Wednesday, October 10, 2012

Looper (2012)


Looper (2012)
Dir. Rian Johnson

4.5 out of 5

There are a lot of moving parts to
Looper, a stylish sci-fi thriller that has just enough juice to keep the whole marvelous machine running.  In the late 21st century, time travel is invented and immediately outlawed.  It’s also nearly impossible to dispose of a body, so criminal syndicates illicitly send their victims 30 years into the past, where specialized assassins called “loopers” are waiting to execute them.  When the mob no longer requires a looper’s services, they end his contract with a big payday and a final deadly rendezvous with his future self.  Should a looper get second thoughts and fail to "close the loop," the powers that be will cut it off at both ends. 

Despite its gruesome consequences, it’s an attractive (and lucrative) career in the dystopian United States of 2044, where bands of vagrants roam the streets and ten percent of the population exhibits a genetic mutation that gives them extremely weak telekinetic powers.  “A bunch of assholes think they’re blowing your mind floating quarters,” grumbles Joe (Joseph Gordon-Levitt), the film’s protagonist and the narrator of this expository avalanche.  He’s employed as a looper by Abe (Jeff Daniels), a mob boss sent from the future to supervise organized crime in Kansas.  Joe begins to notice that his organization is closing an unusually high number of loops.  His suspicions are confirmed when his best friend (Paul Dano) learns that 30 years in the future, a shadowy figure called “the Rainmaker” is methodically exterminating all known loopers.  It's an ominous piece of news that triggers Joe’s split-second hesitation upon meeting his own future self (Bruce Willis) and allows his older counterpart to escape his reckoning.

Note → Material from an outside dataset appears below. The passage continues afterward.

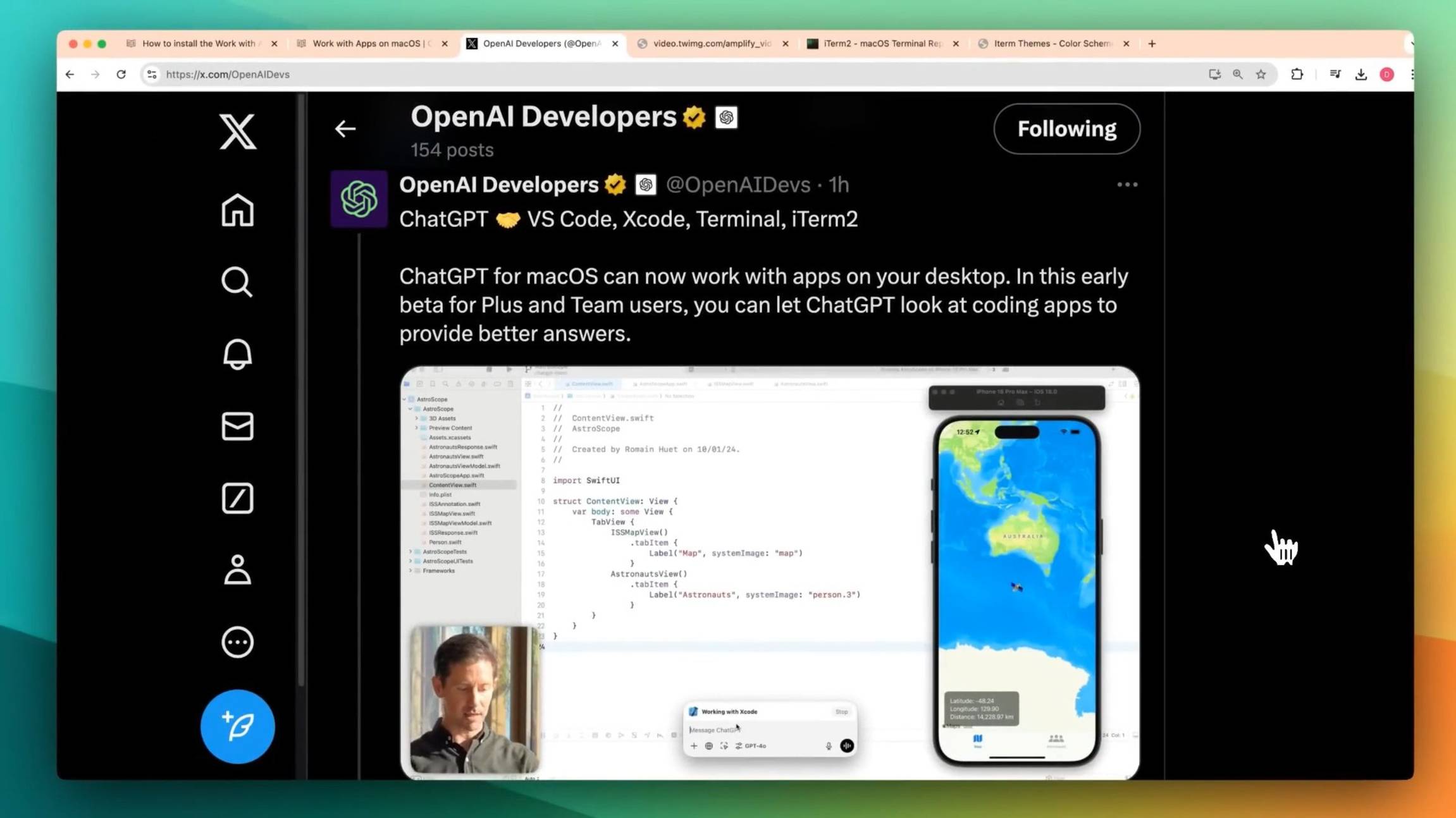 Переведено и озвучено с помощью BotHub. BotHub — российская платформа с простым доступом к передовым нейросетям без VPN и зарубежных номеров. У нас вы найдете ChatGPT, Claude, Midjourney, Grok, DeepSeek, Flux, Stable Diffusion и многие другие нейросети в простом и понятном интерфейсе. 🌐 Сайт: bothub.chat 📱 Telegram-канал: t.me/bothub__chat 🤖 Telegram-бот: t.me/bothub__chat_bot —— Оригинал видео: https://www.youtube.com/watch?v=ullyQaC39Mg В этом ролике рассматривается новейшая функция приложения ChatGPT для macOS от компании OpenAI, которая позволяет разработчикам напрямую взаимодействовать с такими программами как VS Code, iTerm2 и Xcode. Подробно объяснен процесс настройки, продемонстрированы возможности функции в реальном времени, а также представлены перспективы развития. Несмотря на то, что функция находится в бета-версии и пока не поддерживает возможности записи и выполнения кода, она представляет собой многообещающий шаг к более эффективным рабочим процессам программирования. Присоединяйтесь и исследуйте это интересное обновление!

At this point, it would be easy to assume that Looper starts folding in on itself like Inception-inspired origami.  However, writer-director Rian Johnson attempts to sidestep scrutiny by quickly shifting his focus from the mechanics of time travel (which largely remain a mystery) to its consequences.  It’s remarkable how the film becomes more exciting once Joe trades gunplay for gumshoeing and flees the city for the sanctuary of a farm owned by a hardscrabble single mother (Emily Blunt).  In the grand scheme of things, Johnson isn’t subverting expectations so much as he is delaying gratification.  But it’s a gambit that works perfectly as he tightens the screws with tense, well-written exchanges, like a discussion between Joe and his older self that questions whether reading the spoilers of one’s life will inspire a different approach.

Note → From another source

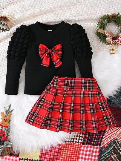 2 件套可爱蝴蝶结泡泡袖针织圆领上衣和圣诞格子裙套装,长袖,适合春秋季 - 黑色 - 查看 1
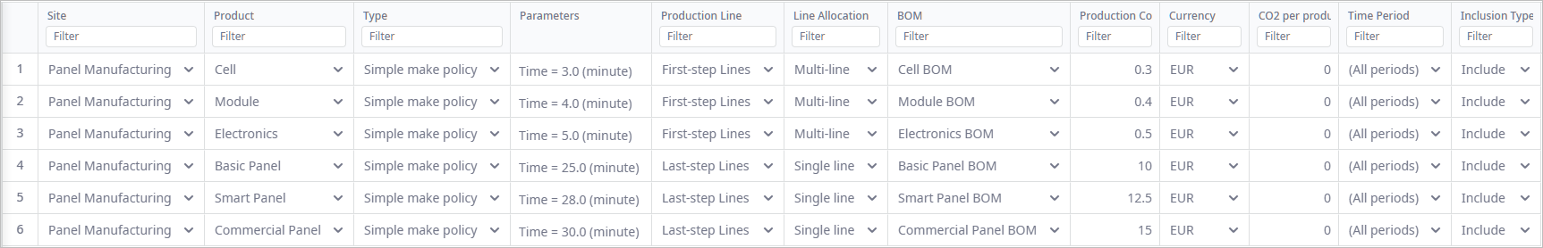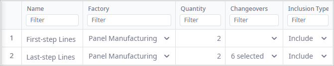 - Last-step Lines — these 2 lines will be producing three types of panels. The defined changeover times will be applied here for switching between product types to produce.

Looper is surprisingly nimble for a heady, genre-bending neo-noir that combines time travel, telekinesis, and levitating motorbikes.  That’s because it is only ostensibly about the big, complex questions raised by its technological paradoxes; strip away its high-concept trappings and you have a character-driven drama defined more by its performances than its visual panache.  Gordon-Levitt convincingly projects a hard-boiled persona thanks to impressive makeup and prosthetics that not only help him better resemble Willis, but also disguise his kewpie features.  Daniels is also fantastic as a put-upon middle manager and the film’s wink to the audience, a man from the future who mocks Joe’s fondness for neckties as one of his employees’ many “20th century affectations.” 

As a metaphor for a mash-up artist like Johnson, that’s almost too perfect.  It’s entirely fair to view Looper as an amalgam of cool ideas inspired by other sci-fi head trips like Twelve Monkeys, which starred Willis in a similar past-altering role, and Primer, whose creator, Shane Carruth, consulted with Johnson on Looper's time travel elements.  They’re mostly good ideas, too (constructing Willis' character as a hybrid homage to his roles in both Monkeys and Die Hard is a rare misfire) and executed with a fan’s zeal for the unexpected.  That this execution may not amount to more than tossing everything into the air at once – echoed in some of the film’s most impressive special effects shots – isn’t the point.  It’s the edge-of-your-seat anxiety of watching Johnson and his cast perform their juggling act, knowing that the slightest slip-up will spoil the extraordinary spectacle.  Rest assured, Looper doesn’t drop the ball.